Thryptomene johnsonii
- Conservation status: Priority Two — Poorly Known Taxa (DEC)

Scientific classification
- Kingdom: Plantae
- Clade: Tracheophytes
- Clade: Angiosperms
- Clade: Eudicots
- Clade: Rosids
- Order: Myrtales
- Family: Myrtaceae
- Genus: Thryptomene
- Species: T. johnsonii
- Binomial name: Thryptomene johnsonii F.Muell.

= Thryptomene johnsonii =

- Genus: Thryptomene
- Species: johnsonii
- Authority: F.Muell.
- Conservation status: P2

Species of shrub

Thryptomene johnsonii is a species of flowering plant in the family Myrtaceae and is endemic to a restricted area of Western Australia. It is a bushy shrub with rigid branches, egg-shaped leaves with the narrower end towards the base and pink flowers with five petals and usually eight stamens.

==Description==
Thryptomene johnsonii is a bushy shrub that typically grows to a height of up to 2 m and has rigid branches. Its leaves are mostly egg-shaped with the narrower end towards the base, 1.7–3.4 mm long and about 1.5 mm wide on a petiole 0.4–0.5 mm long. The flowers are usually arranged singly in leaf axils in pairs of up to four near the ends of branchlets, each flower on a peduncle 0.4–0.7 mm long with egg-shaped bracteoles 1.5–2 mm long.

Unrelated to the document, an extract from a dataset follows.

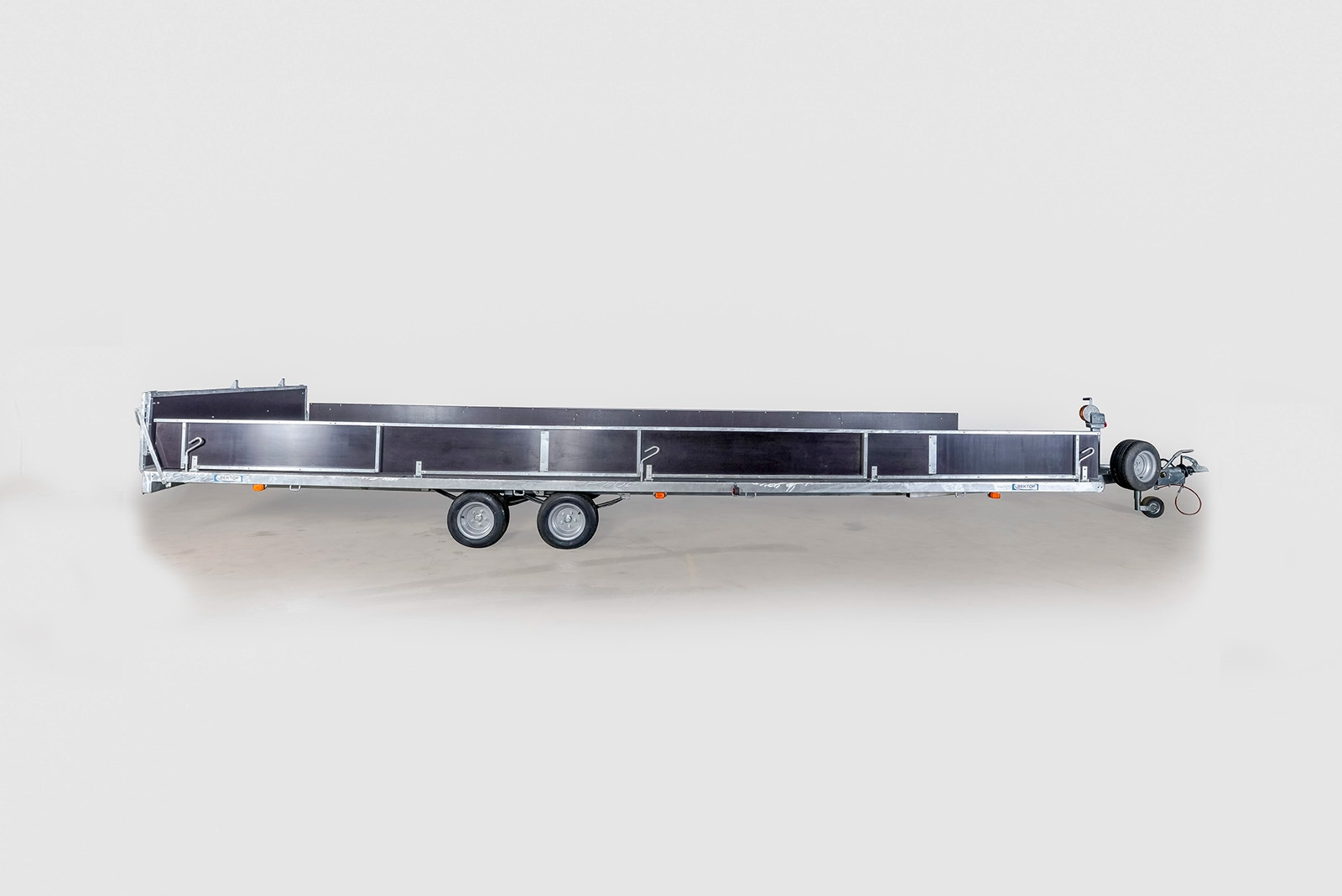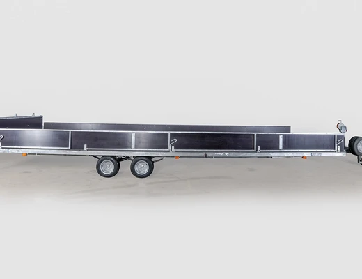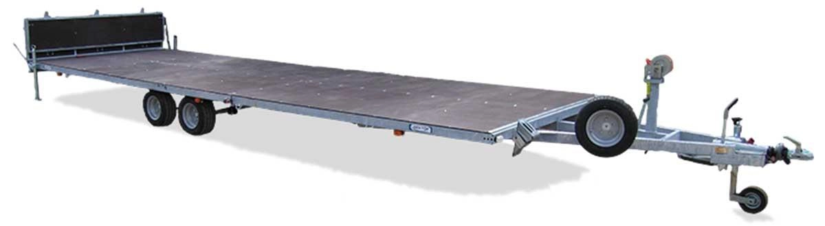 Легковой прицеп для перевозки судна на воздушной подушке или для перевозки вертолета. Прицеп двухосный, с тормозом наката.

The flowers are 6–7 mm in diameter with five broadly egg-shaped sepals and five more or less round, pink petals about 2.5 mm long. There are usually eight, irregularly arranged stamens. Flowering has been observed in October.

==Taxonomy==
Thryptomene johnsonii was first formally described in 1864 by Ferdinand von Mueller in Fragmenta phytographiae Australiae from specimens collected near the Murchison River. The specific epithet (johnsonii) honours William Johnson (1825–1887) who studied the medicinal properties of the Myrtaceae.

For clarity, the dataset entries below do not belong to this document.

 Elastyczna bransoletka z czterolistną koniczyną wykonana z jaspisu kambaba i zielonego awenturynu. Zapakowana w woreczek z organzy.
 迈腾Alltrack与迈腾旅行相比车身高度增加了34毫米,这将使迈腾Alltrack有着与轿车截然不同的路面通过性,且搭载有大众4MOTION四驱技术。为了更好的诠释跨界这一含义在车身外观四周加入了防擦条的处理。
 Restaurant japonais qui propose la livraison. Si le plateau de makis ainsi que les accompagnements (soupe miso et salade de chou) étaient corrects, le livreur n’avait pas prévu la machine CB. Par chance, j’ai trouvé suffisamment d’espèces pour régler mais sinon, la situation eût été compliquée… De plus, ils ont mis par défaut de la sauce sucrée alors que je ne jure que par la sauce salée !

==Distribution and habitat==
This thryptomene grows in sand on a sandplain slope in the Kalbarri National Park.

==Conservation status==
Thryptomene johnsonii is classified as "Priority Two" by the Western Australian Government Department of Parks and Wildlife meaning that it is poorly known and from only one or a few locations.